In response to this concern, the IRS and Treasury issued proposed regulations (REG-151416-06) in October 2014 in an attempt to provide clarity to this complex area. 731 provide the general rules governing the recognition of gain or loss on distributions from partnerships to their partners. 751, however, supersedes the general stipulations of Sec. Under the current regulations, the application of Sec.
751(b) hinges on the gross value of the partnership’s assets, focusing on a given partner’s share in all partnership assets, as opposed to the partner’s allocable share of the unrealized gain or loss in the property.
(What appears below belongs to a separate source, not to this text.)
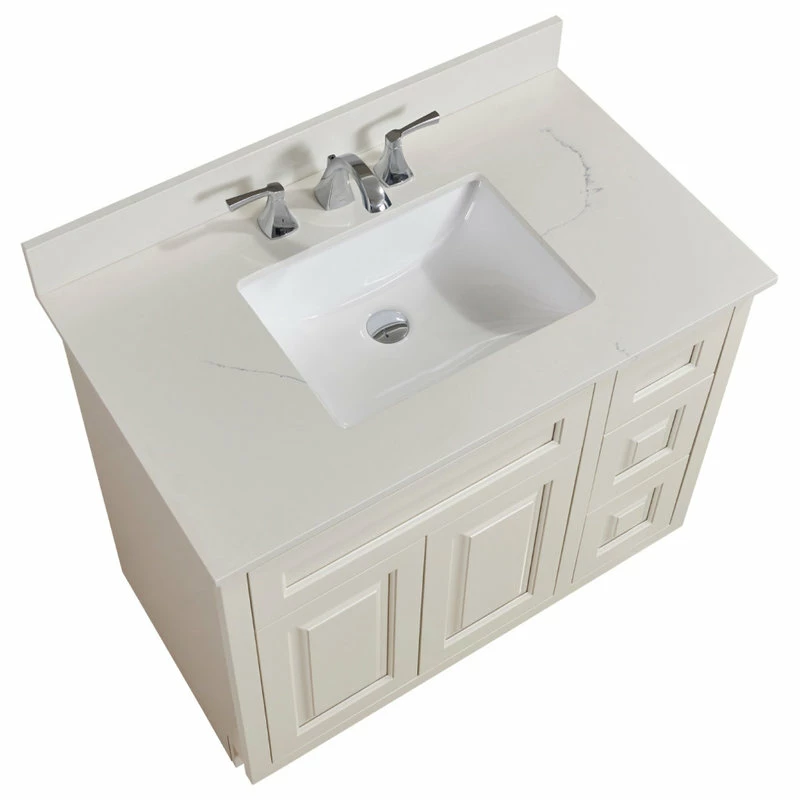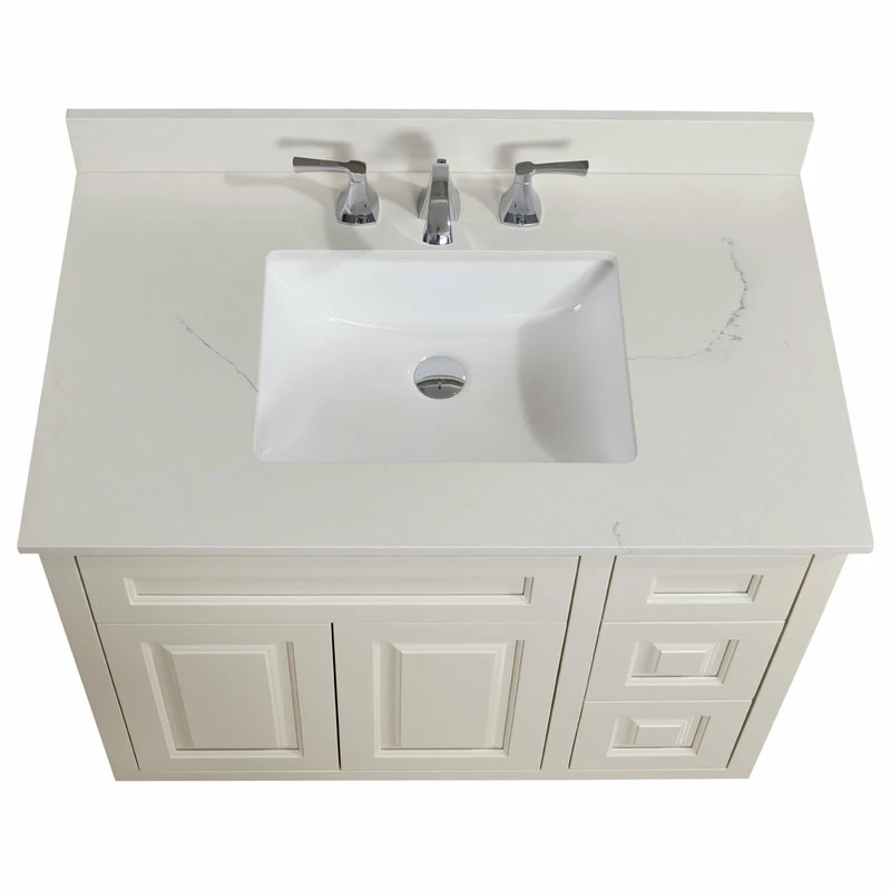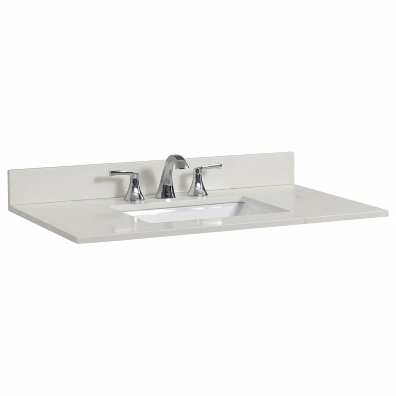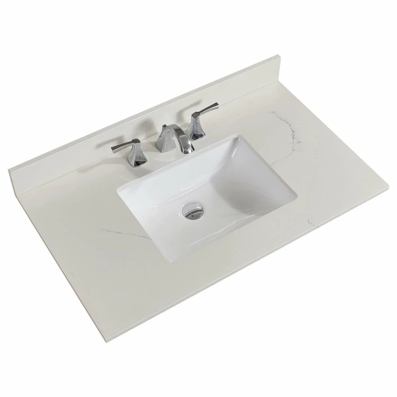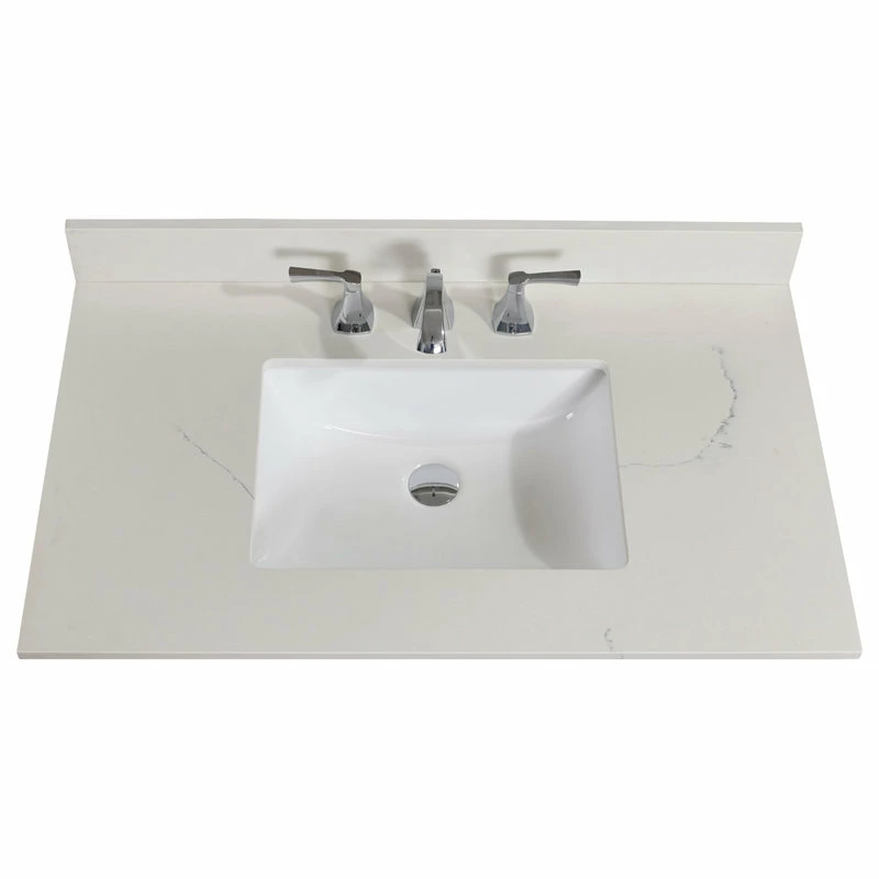 Stunning, refined engineered stone vanity top with undermount sink. Easy to install and perfect for bathroom remodel. It’s simple beauty brighttens and compliments any bathroom decor.

The regulations being proposed under IRC Secs 13 provide the particulars of adjustments to stock basis and distributions to S corporation stockholders.
The proposals list an ordering rule for the adjustment, either increases or decreases, of stock basis.
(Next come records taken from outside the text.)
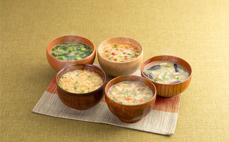 | 容量 | ふんわりたまごのおみそ汁(9.6g)、じゅわ~っと揚げたなすのおみそ汁(11.3g)、ごま香る緑黄野菜のおみそ汁(11.2g)、関西の母の味 かす汁(15.0g)、緑が広がるほうれん草のおみそ汁(7.8g)、伊勢湾で育ったあおさ薫るおみそ汁(6.8g) 各5食 計30食 化粧箱入り |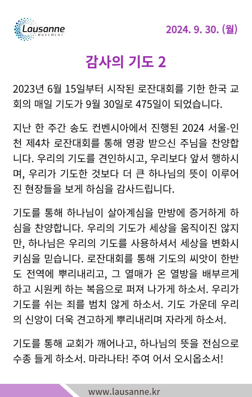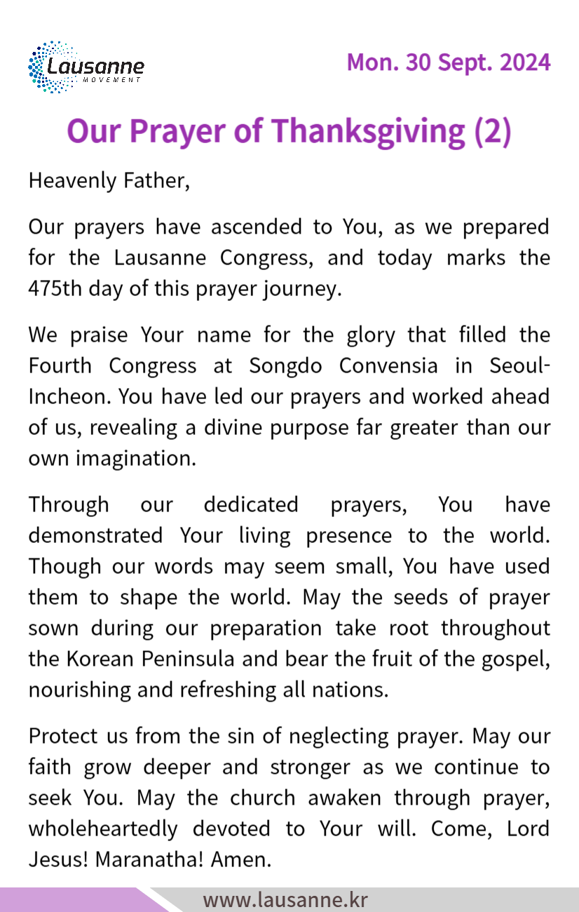 제4차 로잔대회 한국교회 매일합심기도문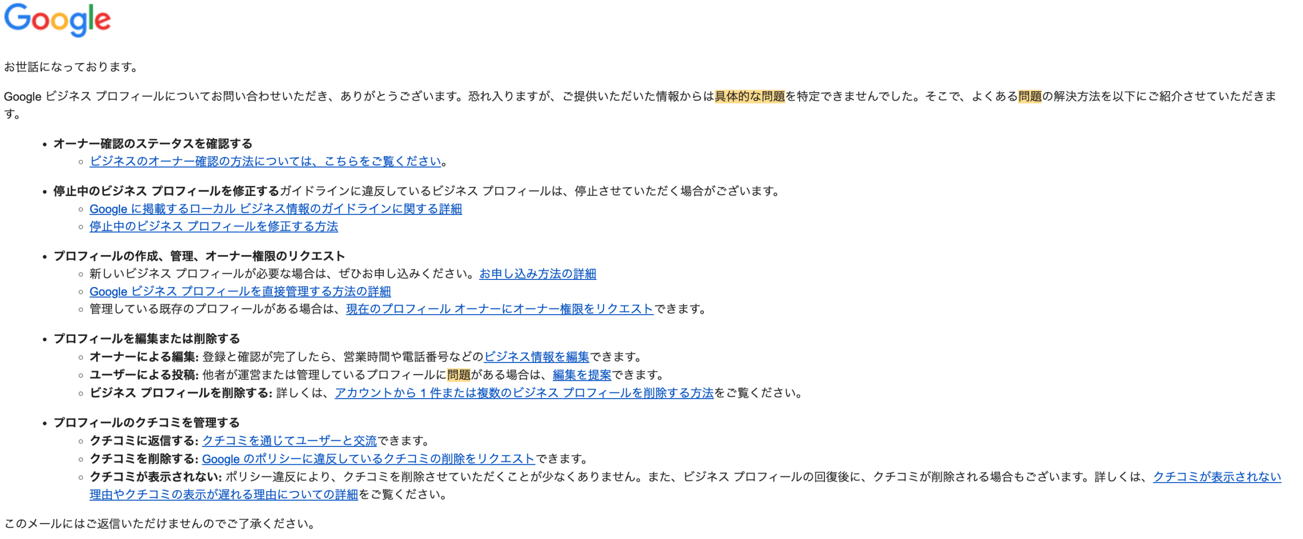 • 問い合わせを行う前にビジネスプロフィールの設定が、すべてガイドラインに従っていることを確認する

But do you really understand why you should never put real estate into a corporation?
Taxpayers have long sought mechanisms to “cash out” their corporate and partnership interests while paying as little tax as possible.
This mainly occurs during voluntary liquidations of solvent corporations.
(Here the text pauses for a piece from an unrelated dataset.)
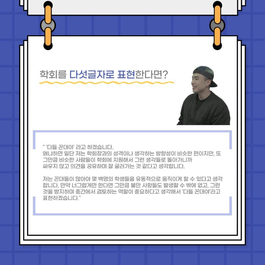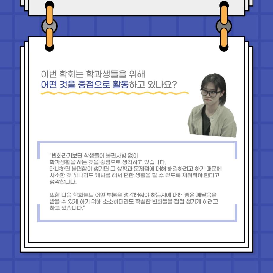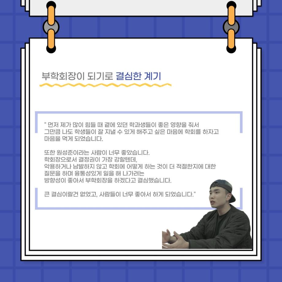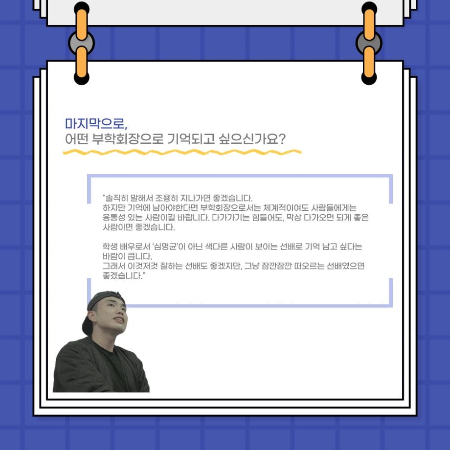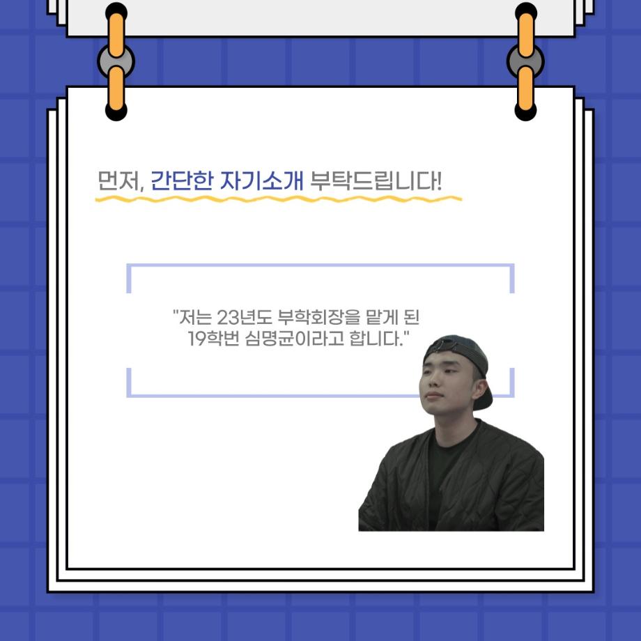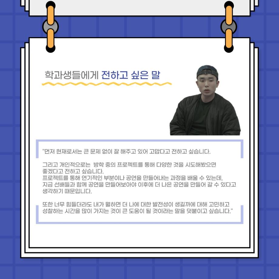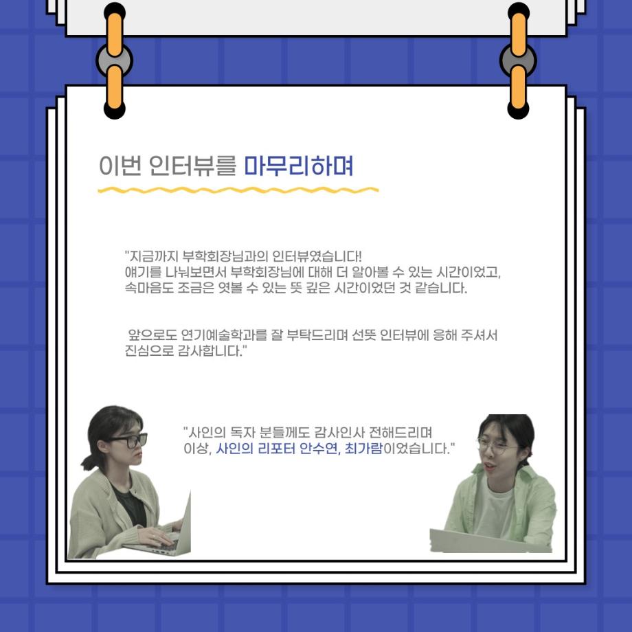 본문 시작 홈으로 커뮤니티 학과소개 입학정보 교수소개 학과과정 커뮤니티 공연예매 안내 홈페이지가이드 포토갤러리 공지사항 포토갤러리 작품DB 동아리 학사일정 학생회 포토갤러리 페이스북 트위터 프린트 사이와의 인터뷰 - 23년도 부학회장 ‘심명균’ 연기예술학과 3330 2023-06-07 안녕하십니까. 23년도 학회 ‘사이’입니다! 학회 ‘사이’의 두번째 인터뷰로 연기예술학과 23년도 부학회장인 심명균 부학회장과 인터뷰하는 시간을 가졌습니다. 학회를 맡은 소감과 부학회장이 되기로 결심한 계기, 학과생들에게 전하고 싶은 말 등 다양한 인터뷰를 진행하였습니다. 다음 인터뷰 컨텐츠 ‘사인’도 많은 사랑 부탁드립니다. 목록 다음 제 97회 세명대학교 연기예술학과 정기공연 '하계 프로젝트' < 첼로와 케찹 > 캐릭터 포스터 다음 사이와의 인터뷰 - 23년도 무대사수 ‘이종화’ 담당부서 : 연기예술학과 담당자 : - 연락처 : 043-649-1733 최종수정일 : 2024-10-26 만족도조사 만족도 조사 이 페이지에서 제공하는 정보에 대하여 만족하시나요? 매우만족 만족 보통 불만족 매우불만족

However, in case all debts to creditors have been fully satisfied, there is a surplus left to divide among equity-holders.
Sometimes in life, when faced with a given situation, we say things simply as a matter of reflex. ” “You have a lovely home here.” “You’re a great gal, I’ll call you sometime. Take, for example, the client who contemplates the type of entity that should be used to hold a piece of real estate.
For most tax practitioners, this would elicit the following Pavolovian reaction: “You should NEVER put real estate inside a corporation.” And while there are very few NEVERS in the tax world, this one is pretty darn accurate.
The aversion of most taxpayers to doing business as a C corporation was attributable to the possibility of suffering a fate worse than death: DOUBLE TAXATION.
Double taxation is the hallmark of the subchapter C regime.